That was the blade out of my block plane. I had been using it as a scraper to true of the wheels and stupidly left it sitting by the grinder, where it vibrated and bounced its way onto the spinning belt, where it got sucked between the drive wheel and belt and bent like a bloody banana. Ill say it again, DONT LEAVE ANYTHING WHERE IT COULD CONTACT THE BELT, IT WILL BECOME A PROJECTILE FASTER THAN YOU CAN BLINK.

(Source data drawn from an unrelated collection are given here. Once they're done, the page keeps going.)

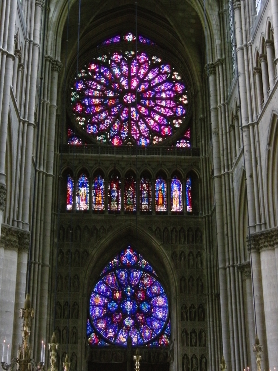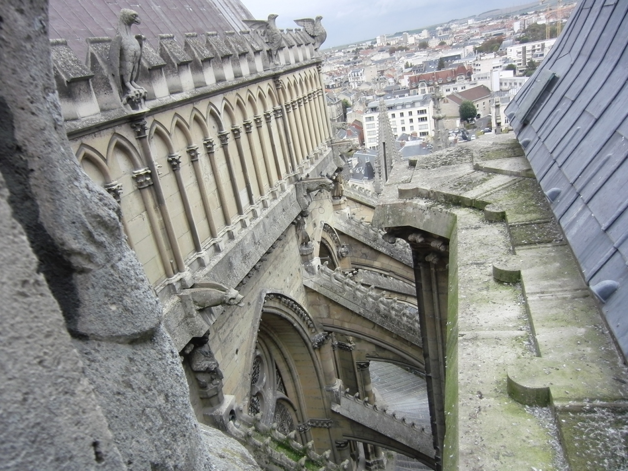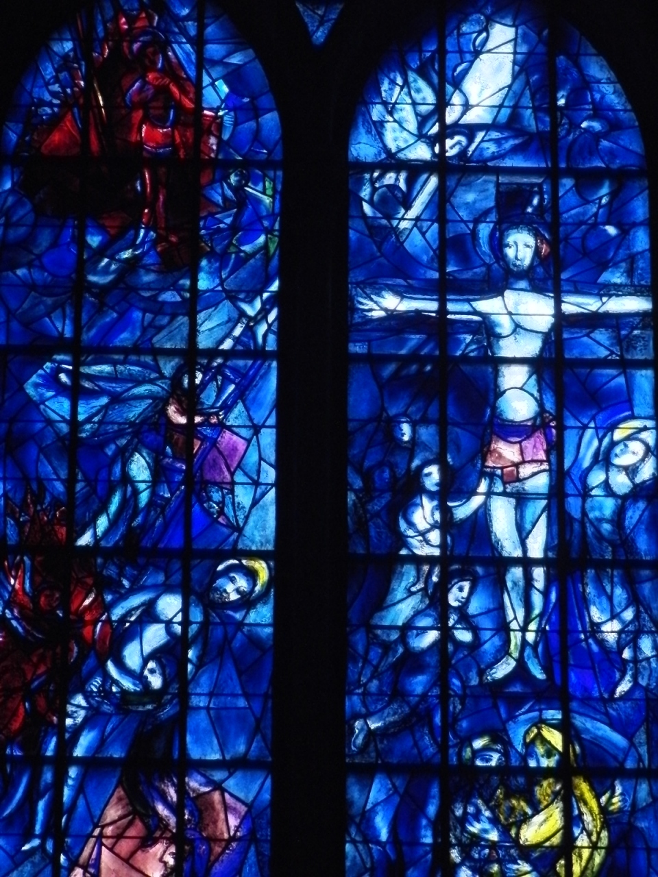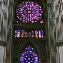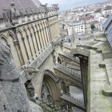 西正面のタンパン部分にステンドグラスがあり、その上の破風部分に彫刻があるのが特徴の一つです。微笑みの天使やシャガールのステンドグラスがあります。塔のツアーはト-宮殿観光の有無で料金が変わります。隣の建物の売店で買います。
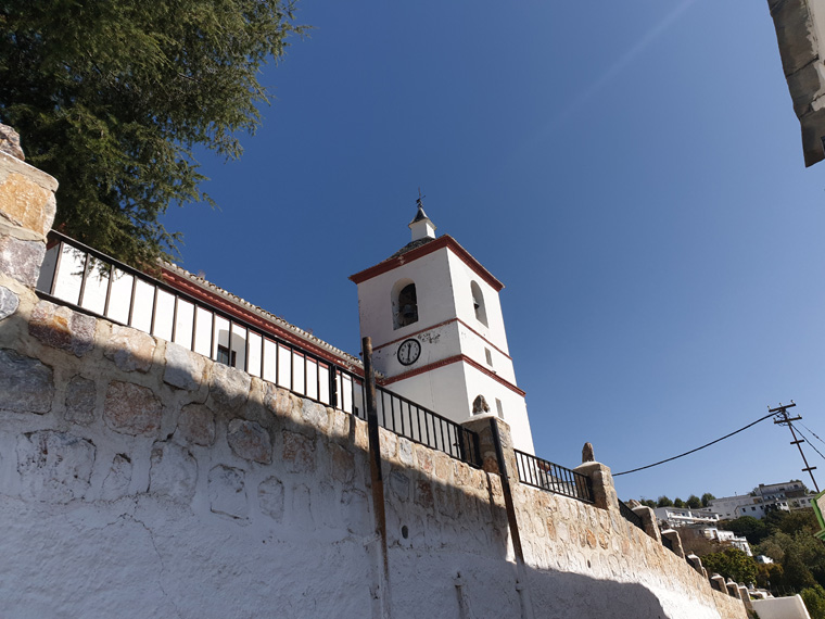We turned back down the street, passing house number 5 on Calle Rosario, taking a track past houses and dogs. The path then tracks across the countryside, with great views to the mountains to the south, passing another Era together with an information board. Eventually we arrived in the final village for today of Pitres. After taking our time to look at the Town Hall in the main Square, with a beautiful tiled frieze, we went for a coffee at a cafe on the square. Then followed the road back to our car. A thoroughly enjoyable day, more relaxing than most of our walks.
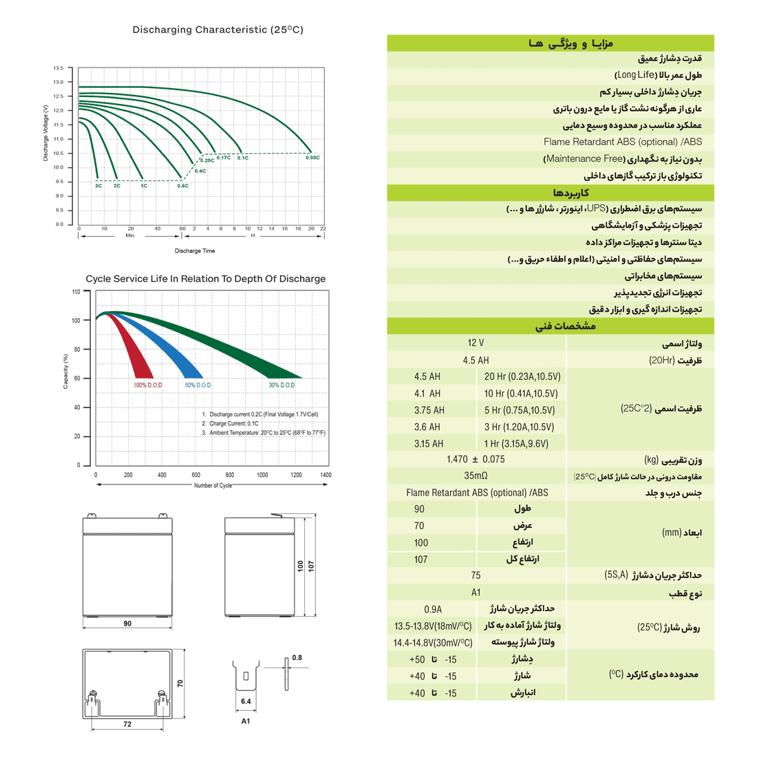 | ظرفیت نامی | 4.5 آمپرساعت (Ah) |
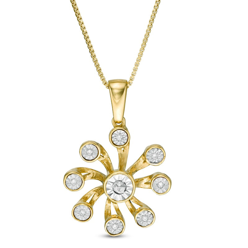 Natural Diamond Accent Open Pinwheel Pendant in Sterling Silver with 14K Gold Plate
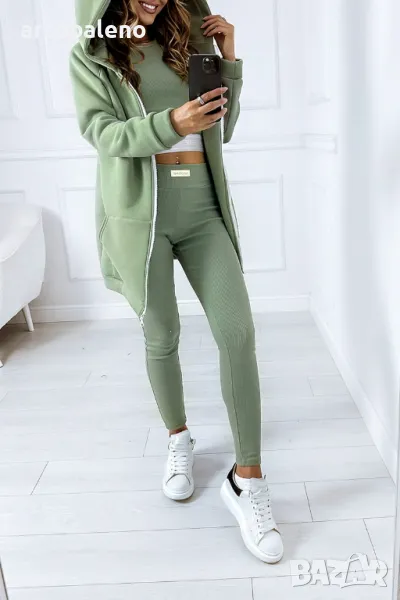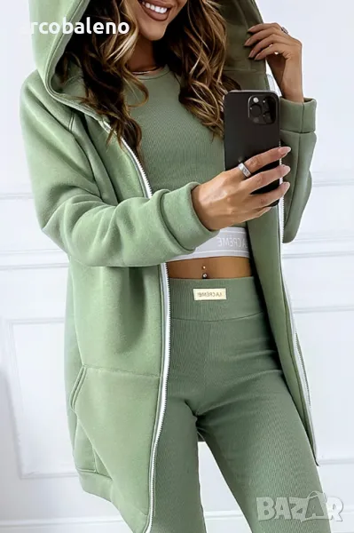 Открийте уникален комплект, състоящ се от дълъг изолиран суичър с просторна качулка, клин и горнище с ластик с лого. Суичърът осигурява топлина и комфорт, горнището и клинът пасват идеално на фигурата. Перфектният избор за пролетните и есенни дни!
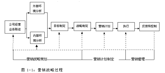 市場(chǎng)營(yíng)銷戰(zhàn)略形成過(guò)程可分為三個(gè)階段:營(yíng)銷戰(zhàn)略策劃、營(yíng)銷計(jì)劃制定和營(yíng)銷管理,見(jiàn)圖1-1。
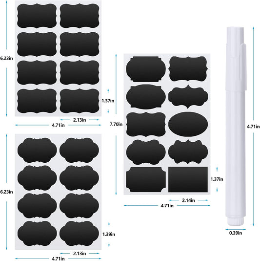 Chalkboard Labels - 180pcs Waterproof Reusable Blackboard Stickers with 2 Free Erasable White Chalk Marker, Mini Decorative Chalk Labels for Jars Containers Kitchen Home Pantry Office
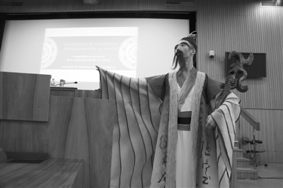 7月10日,为纪念中医针灸列入人类非物质文化遗产代表作名录,联合国教科文巴黎总部举行《中医药文化讲座》,热爱中国文化和对中医感兴趣的各国友人近200人参加了活动。图为北京中医药大学学生在现场表演融合了中医理论、以艺术为载体创作的校园舞蹈诗《岐黄志》。该舞蹈诗还将在巴黎议会宫和枫丹白露剧场举行公演。
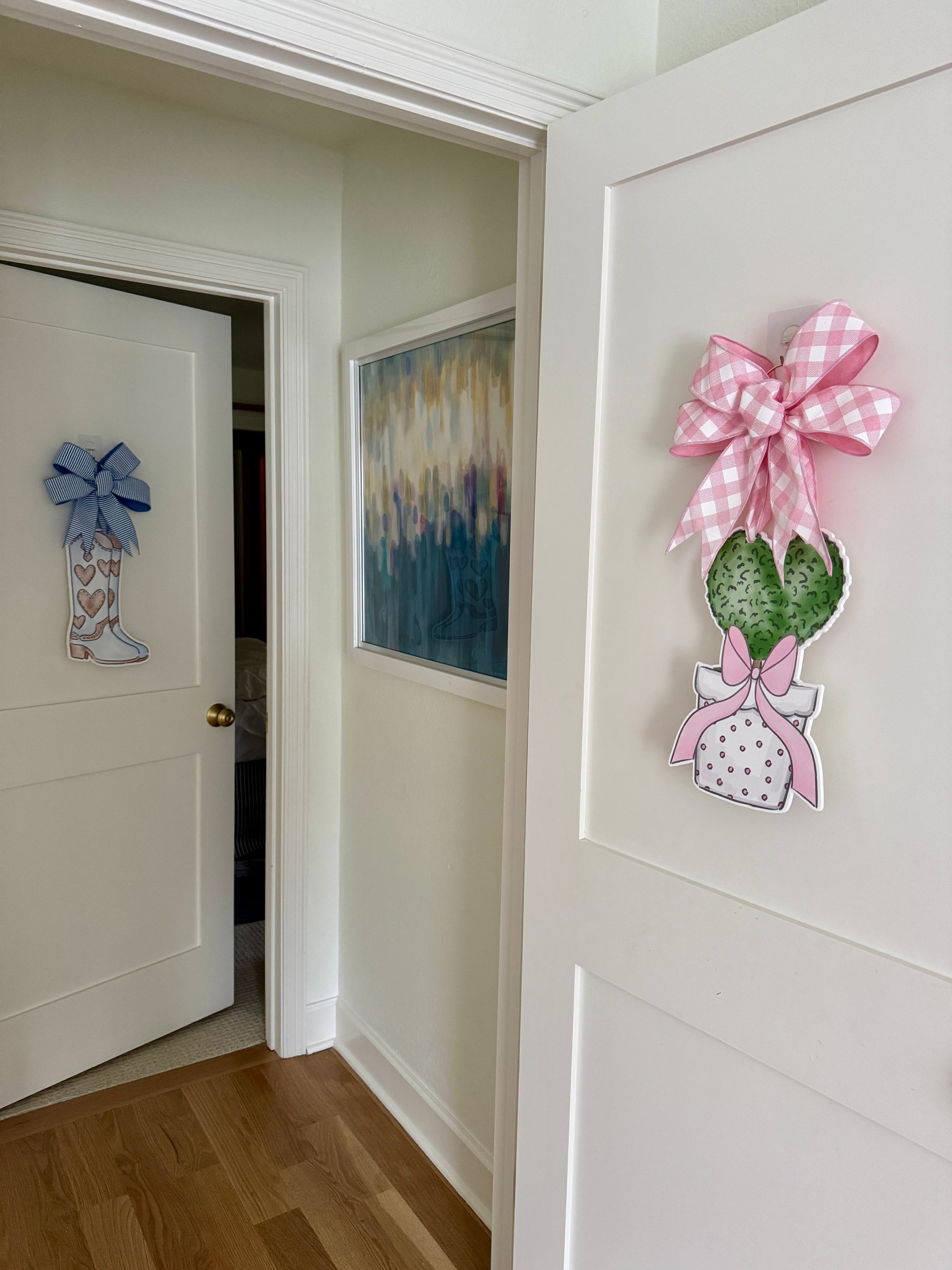 Each door hanger includes a custom handmade bow, allowing you to personalize it to match your style, theme, or decor perfectly.

Catch that? Good, i didnt the first time, dont make my mistake


----------



## Belg (Oct 2, 2011)

I guess thats why manufacturers put guards on everything. Glad your ok and a HUGE lesson learned.


----------



## BigJim (Sep 2, 2008)

Man, that is one good looking knife, cool machine also. That plane blade could have been very bad news had it made contact. Glad it missed you.


----------



## Oneal-Woodworking (Apr 14, 2013)

Every once in a great while I get to work with guys like you. :yes:



Its kind of like going to school. :thumbsup:


----------



## epicfail48 (Mar 27, 2014)

OnealWoodworking said:


> Every once in a great while I get to work with guys like you. :yes:
> 
> Its kind of like going to school. :thumbsup:


Cant take full credit for the grinder unfortunately, that goes to Mr Heisz. He really did a good job putting the plans together. I did make a few improvements, but its really his work for the most part. Make sure to check out his site, its quite something!

http://www.ibuildit.ca/



BigJim said:


> Glad it missed you.


You and me both mate, you and me both...


----------



## Oneal-Woodworking (Apr 14, 2013)

The planer blade don't look too bad to me. 

Should be perfect for planning around (or inside) a curve now! :yes:

(sorry - couldn't resist)


----------



## epicfail48 (Mar 27, 2014)

OnealWoodworking said:


> The planer blade don't look too bad to me.
> 
> Should be perfect for planning around (or inside) a curve now! :yes:
> 
> (sorry - couldn't resist)


Well you're not wrong...


----------